The crazy thing here is that the Project Zero people were joking last night about a disclosure that was going to keep everyone at work late today. And, this morning, Google announced the SHA-1 collision, which everyone (including the insiders who leaked that the SHA-1 collision was coming) thought was the big announcement.

Nope. A SHA-1 collision, it turns out, is the minor security news of the day.

This is approximately as bad as it ever gets. A significant number of companies probably need to compose customer notifications; it's, at this point, very difficult to rule out unauthorized disclosure of anything that traversed Cloudflare.

In case you're wondering how this could be worse than Heartbleed:

Yes, apparently the allocation patterns inside Cloudflare mean TLS keys aren't exposed to this vulnerability.

But Heartbleed happened at the TLS layer. To get secrets from Heartbleed, you had to make a particular TLS request that nobody normally makes.

Cloudbleed is a bug in Cloudflare's HTML parser, and the secrets it discloses are mixed in with, apparently, HTTP response data. The modern web is designed to cache HTTP responses aggressively, so whatever secrets Cloudflare revealed could be saved in random caches indefinitely.

You really want to see Cloudflare spend more time discussing how they've quantified the leak here.

  • You really want to see Cloudflare spend more time discussing how they've quantified the leak here.

    What would you like to see? The SAFE_CHAR logging allowed us to get data on the rate which is how I got the % of requests figure.

    • Perhaps as a follow up to this bug, you can write a temporary rule to log the domain of any http responses with malformed HTML that would have triggered a memory leak. That way you can patch the bug immediately, and observe future traffic to find the domains that were most likely affected by the bug when it was running.

      Or is the problem that one domain can trigger the memory leak, and another (unpredictable) domain is the "victim" that has its data dumped from memory?

      2 replies →

  • It shouldn't be too difficult to feed an instrumented copy of the parser some fraction of their cached pages (after all, that's what they're for.. right?) and calculate a percentage of how many triggered e.g. valgrind, or just some magic string tacked on the end of the input appearing in the output or similar

    I prefer CloudScare to Cloudbleed :)

It is far from over, too!
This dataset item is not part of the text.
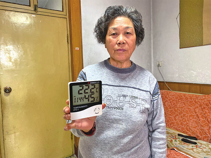 “22.8攝氏度,這樣的溫度最舒服?!痹邛卧葱^(qū),看到家中的溫度不斷攀升,賈桂英笑了起來。賈桂英說,鑫源小區(qū)是老舊小區(qū),今年小區(qū)整體改造提升,外墻增加了保溫層,相比往年,家中的溫度升高了許多,“以后在家里穿個單衣就可以了”。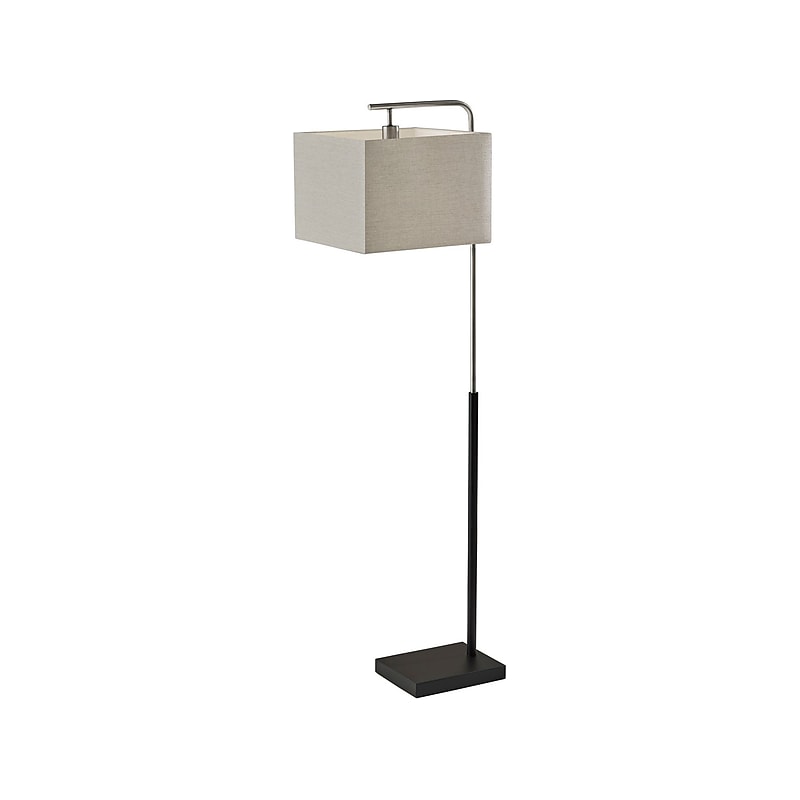 With a clean, minimal design and a simple color palette, the Adesso Flora floor lamp exudes modern style. The lamp features a rectangular base in afinish that continues up the stem before transitioning to a brushed steel finish leading to the square light taupe textured fabric shade that softly distills the light. A 100W bulb (not included) is operated by a three-way rotary switch located on the socket, allowing you to easily adjust the lighting level between low, medium, high, and off when using a three-way bulb. When using a regular bulb, the rotary switch turns the lamp on or off. The Flora floor lamp is also available inwith antique brass and an off-white textured fabric shade. With a clean, minimal design and a simple color palette, this floor lamp exudes modern style. Works with a 100W incandescent or 16W LED E26 bulb (bulb not included). Overall dimensions: 60"H x 13"W x 17. 5"D; base size: 8. 5" x 11"; shade size: 10. 5"H x 13"W x 13"D. Black finish on the base continues up the stem before transitioning to a brushed steel finish. Square light taupe textured fabric shade softly distills the light. Features a clear cord. Operated by a three-way rotary switch located on the socket, allowing you to easily adjust the lighting level between low, medium, high, and off when using a three-way bulb. Meets or exceeds the ETL standard.

Google Cache still has loads of sensitive information, a link away!

Look at this, click on the downward arrow, "Cached": https://www.google.com/search?q="CF-Host-Origin-IP:"+"author...

(And then, in Google Cache, "view source", search for "authorization".)

(Various combinations of HTTP headers to search for yield more results.)

  • > The infosec team worked to identify URIs in search engine caches that had leaked memory and get them purged. With the help of Google, Yahoo, Bing and others, we found 770 unique URIs that had been cached and which contained leaked memory. Those 770 unique URIs covered 161 unique domains. The leaked memory has been purged with the help of the search engines.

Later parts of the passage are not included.